Amazon, which has made a name for itself providing easy access to a huge array of goods at hard-to-beat prices, has launched an in-app storefront with luxury brand Oscar de la Renta offering more or less the exact opposite—and promises of more to come from additional luxury fashion and beauty brands.
Inventory and pricing will be at the brands’ discretion, while Amazon will provide merchandising tools so brands can personalize content, according to a company statement.
Access is granted to U.S. Prime members by invitation, giving the program an air of exclusivity for shoppers. The ecommerce platform is also attempting to translate the typically high-touch experience of luxury retail to digital with features like 360-degree product view.
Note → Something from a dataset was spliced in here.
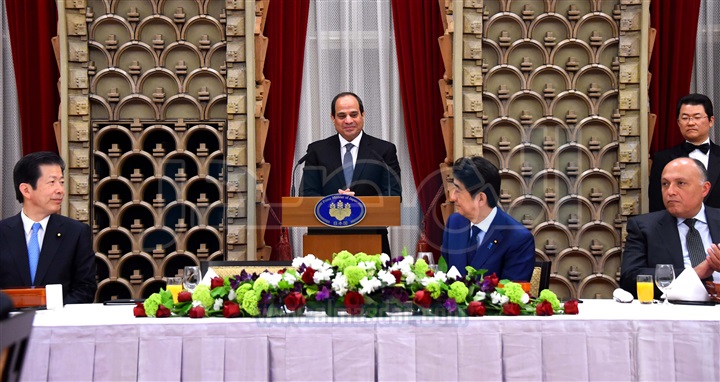 بداية، أود أن أعبر عن تقديرى لحفاوة الاستقبال التى لاقيناها خلال هذه الزيارة المهمة، والتى أكدت مجدداً خصوصية العلاقات بين مصر واليابان وحرص البلدين على تطوير هذه العلاقات والارتقاء بها بما يتناسب مع تطلعات الشعبين الصديقين ورغبتيهما فى التغلب على التحديات المشتركة وتطوير التعاون التنموى والاقتصادى فى عدد من المجالات الحيوية.

The move comes at a tough time for many retail brands, but Sucharita Kodali, vice president and principal analyst at research firm Forrester, noted that plenty of shoppers are still buying luxury brands as wealthy consumers have been far less affected by the pandemic and economic downturn.
Plus, the pandemic-era shift to digital includes luxury, especially among discerning consumers who know what they want and are familiar with the brands, Zach Weinberg, director of Gartner’s Amazon advisory group, said.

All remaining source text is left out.